Imagine you’ve had an alert or your monitoring dashboard has turned a shade of rouge. You know that one of your systems is failing, but what is causing it? This is where detail becomes important, you need as much as possible to help you diagnose and resolve the issue. Sources of diagnostic information include application logs, instrumentation metrics from infrastructure, and logs of external services (such as Web Application Firewalls and API Management).

However, be aware that there can be too much detail to sieve through, especially in the middle of the night! It is important to just log and capture information that is likely to be useful. Consider how ‘chatty’ your logs are, will they make it easier or harder to find that needle in the haystack? Another consideration is how long you retain your diagnostic information for, holding logs and metrics longer help spot long-term patterns, but at a higher cost and more data to search through. It is important to find the right balance for your team, not just falling back to default positions (e.g. whole organisation stores logs for 12 months).

Tooling wise, diagnostics is the forté of products such as Kibana, Graphana, and Cloudwatch Dashboards. The ability of these products to bring together numerous data sources and build in-depth visualisations based upon time ranges is ideal for supporting diagnostics.

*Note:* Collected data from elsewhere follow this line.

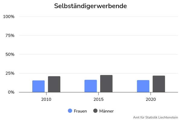 Die Selbständigenquote blieb zwischen 2010 und 2020 beinahe unverändert. Sie stieg im dargestellten Zeitraum von 18.9% auf 19.3%. Im Jahr 2020 waren damit insgesamt 3'986 Personen selbstständig, in eigener Kapitalgesellschaft angestellt oder als Mitarbeitende im Betrieb des Familienmitgliedes erwerbstätig. Dabei zeigt über den dargestellten Zeitraum hinweg jeweils ein höherer Anteil bei den Männern. 2020 sind 22.1% der männlichen Erwerbstätigen und 16.1% der weiblichen Erwerbstätigen selbstständigerwerbend tätig. Bei beiden Geschlechtern ist eine Zunahme seit 2010 zu verzeichnen. Bei den Frauen sind es 0.4 Prozentpunkte und bei den Männern 0.7. Vergleicht man die Zahlen hingegen mit den Angaben aus 2015, zeigt sich seither eine leichte Abnahme der Anteile.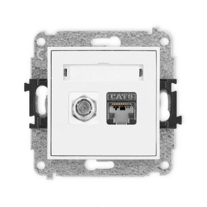 MINI Mechanizm gniazda antenowego poj. typu F (SAT) + gniazda komp. poj. 1xRJ45, kat. 6 ekranowe, 8-stykowy biały mat 25MGFK-5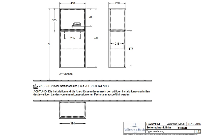 Шафка для ванної Villeroy & Boch Finion 41,8х93,6х27 см петлі зліва з підсвічуванням МДФ світло-сірий матовий лак/глянцевий білий лак G520GFGJ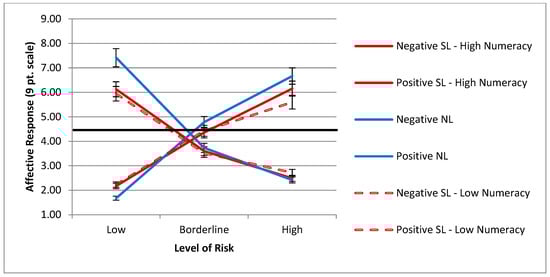 Consistent with the claim that affective distancing encourages reliance on deliberative rather than affective-based processes related to risk perception, SL participants reported greater perceived risk than NL participants did as objective risk rose (steeper slope (F[2,75] = 5.69, p < 0.01, η2 = 0.13; NL = 1.85 < SL high numeracy = 2.63 and SL low numeracy = 2.52; average slope coefficients).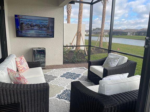 Beautiful Furnished / ALL Utilities included in this NEW IBIS VILLA RENTAL Available in August, Sept, Oct, Nov. Located in the gated community of Esplanade At Azario Lakewood Ranch. This resort lifestyle community offers several amenities for an active lifestyle such as 16 pickleball courts, 18 hole championship golf course, tennis courts, Bocce courts, dog park, pool & hot tub, walking paths, fitness area, spa, restaurants & Coffee shop. The peaceful screened Lanai which backs up to quiet relaxing pond. This 2 bedroom, 2 bathrooms with a flex-room/office/we've turned into a wonderful 3rd bedroom with storage & super comfy Murphy Bed, includes pocket doors for privacy. The main living area sectional folds out into a queen size comfortable bed. Lanai with furniture and outdoor tv (2nd fridge for soda & beer). Ceiling fans throughout. Short walk to golf & all amenities from this home. *Fully furnished, HOA Fees & Utilities included. Just bring your clothes!!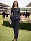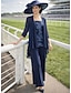 Deux Pièces Combinaison Tailleur-Pantalon Longueur cheville Robe de Mère de Mariée Demi Manches Col de chemise Élégant Formel robe demoiselle d honneur Satin avec Noeud(s)

If your system contains many moving parts (i.e. Microservices) it may be worth considering a Distributed Tracing solution, such as Zipkin or AWS X-Ray. These utilise a common identifier for requests through the system, which enables the user interface of these tools to provide timings and points of failure between the various parts of your system.

Conclusion

In this post I have covered the differences between Alerting, Monitoring, and Diagnostics on software systems. The diagram below illustrates how the amount of detail increases from Alerting to Monitoring and then surges in the Diagnostics arena.

Summary

Each of these use cases have unique requirements that call for different approaches and different tool-sets. But combined together they help to form a coherent picture of the state of a software system.